# jay peak , smuggs , or stowe



## neednsnow (Nov 30, 2007)

Can't say much for smuggs, but stowe's glades aren't nearly as enjoyable as Jay's. YOu have to be careful at stowe because there some out of nowhere 6-10 foot drops in the middle of what seem to be glade runs. Also, remember, Jay gets much more snow than the other two. Fresh snow makes the glades much much more enjoyable.


----------



## Guest (Jan 24, 2010)

is that jay peak?


----------



## neednsnow (Nov 30, 2007)

dannyd said:


> is that jay peak?


yup /10char


----------



## Guest (Jan 26, 2010)

also cheapest cabins and best night life near jay?


----------



## Guest (Jan 27, 2010)

newport seems to be the closest town with stuff to do in it?


----------



## Mysticfalcon (Nov 27, 2007)

Newport is the closest real town but not too much for a nightlife. You are better off to just go to either the bar at the lodge hotel, or down to montgomery.

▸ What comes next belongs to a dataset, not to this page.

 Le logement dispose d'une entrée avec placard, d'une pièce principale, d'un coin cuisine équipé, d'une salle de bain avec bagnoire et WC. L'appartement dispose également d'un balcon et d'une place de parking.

The new Tower bar at the mountain seemes to do well some nights too.


----------



## Slinky (Nov 11, 2009)

I'm with the rest in saying that Jay has the best glades....they also have a good $99 per night, per person that includes lift ticket at the lodge. 

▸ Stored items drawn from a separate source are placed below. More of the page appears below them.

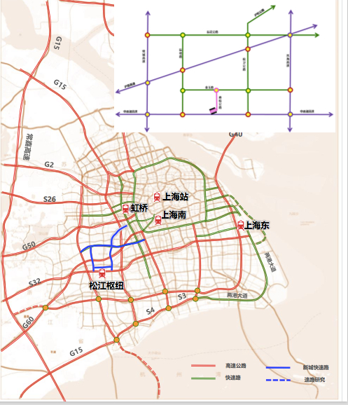 将充分衔接由“沪松公路、辰塔路、金玉路、辰花公路”组成的“井字型”新城快速路网和由“申嘉湖高速、沪昆高速、沈海高速、绕城高速高速”组成的“井字型”高速路网,使松江枢纽快速融入市域高快速路体系,实现松江枢纽与中心城区、虹桥枢纽、浦东枢纽、周边新城等快速交通联系,提升松江枢纽服务全市的辐射能力。
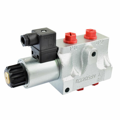 Ermöglicht die wechselseitige Bedienung zweier doppeltwirkender Verbraucher mit nur einem Steuerventil. Die Betätigung erfolgt durch einen Magneten, der über Drucktaster am Hebel des Steuerventils angesteuert wird.
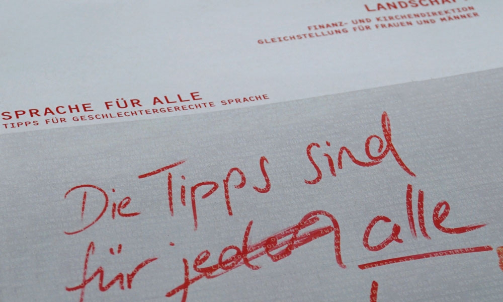 Heisst es Lehrer und Lehrerinnen, Lehrer*innen, Lehrer/innen oder sind sowieso alle mitgemeint? Die Fachstelle für Gleichstellung von Frauen und Männern Baselland will aufzeigen, wie Sprache mit einfachen Mitteln alle Menschen sichtbar machen kann. Dafür haben wir einen Leitfaden mit zehn praktischen Tipps zusammengestellt. Meist geht es nicht um richtig oder falsch, sondern um ein Bewusstsein für die Sprache. Weil niemand nur «mitgemeint» werden will. Den Sprachleitfaden gibt es zum Download.
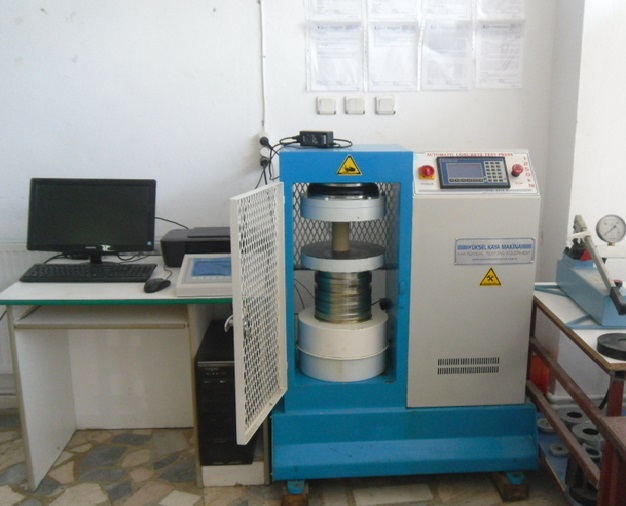 Silindirik kayaç numunelerinin üç eksenli yükleme ile dayanımlarının tayinine iliskin deneydir. Kayaların degisik yanal basınçlar
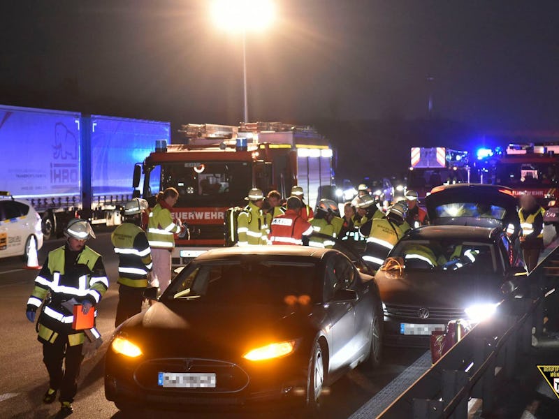 A 41-year-old Tesla Model S driver near Munich, Germany, noticed that a Volkswagen Passat was behaving strangely earlier this week, slamming repeatedly into the road’s guardrails. The Tesla driver then noticed the man in the driver’s seat was unconscious, so he drove in front of the Passat, applied the brakes to make contact, and gradually brought the car to a halt. It’s believed the Passat driver may have suffered a stroke, and the local fire department was quickly on the scene to assist.
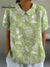 Green Spring Meadows Pattern Printed Women's Casual Cotton And Linen Shirt
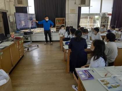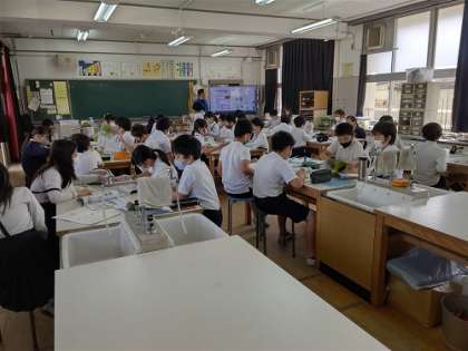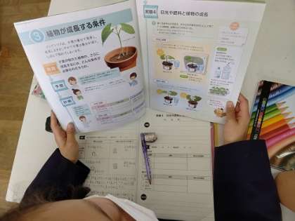 理科室で授業をしています。「植物が成長する条件」の学習をしています。
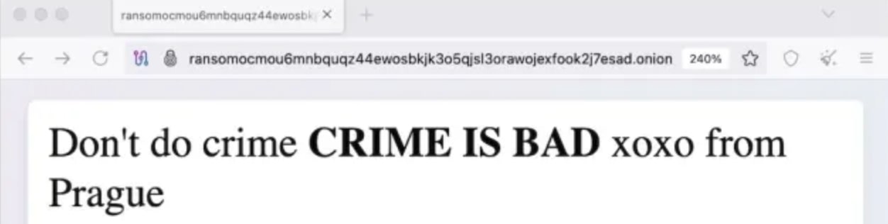 A month prior to that, a similar message was observed on the defaced Everest Ransomware as a Service (RaaS) TOR site:
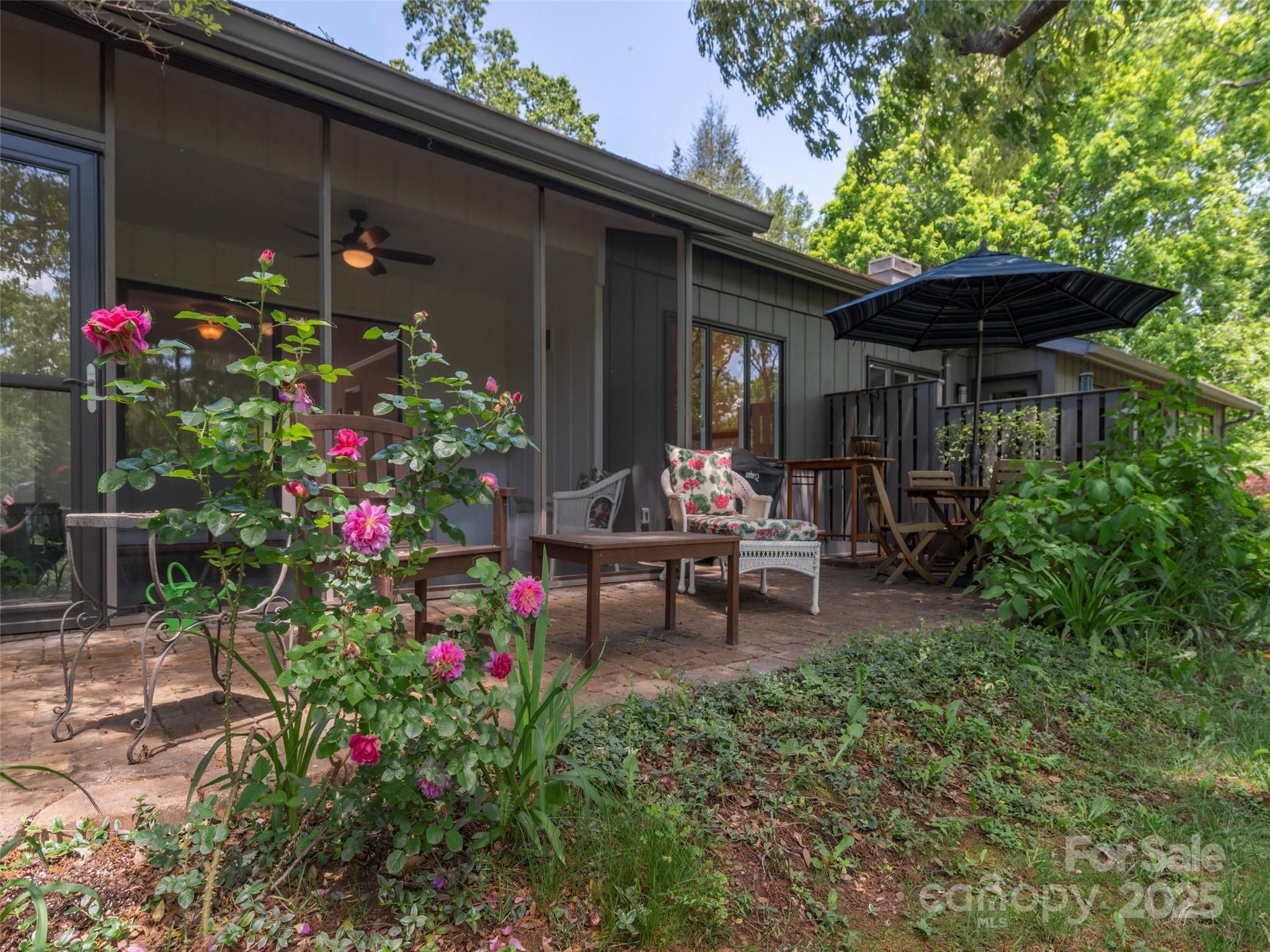 This one level villa condo has 3 bedrooms and 2 full baths with hardwood floors throughout the whole house and tile in the baths. The living room, which opens to a covered screened porch and patio, has a wood burning fireplace with gas logs. The updated kitchen has granite counter tops. The community clubhouse and heated swimming pool are a short walk from this condo. Crowfields Condos offers a park like setting close to restaurants, shopping and the Blue Ridge Parkway.

though smuggs is a great mountain also, some really nice glades, and some great runs...but i dont know much about staying there.


----------



## T.J. (Aug 28, 2007)

you have to make your own nightlife at jay.


----------



## Slinky (Nov 11, 2009)

T.J. said:


> you have to make your own nightlife at jay.


come on, there are a few girls in montgomery....just have to lower your standards lol


----------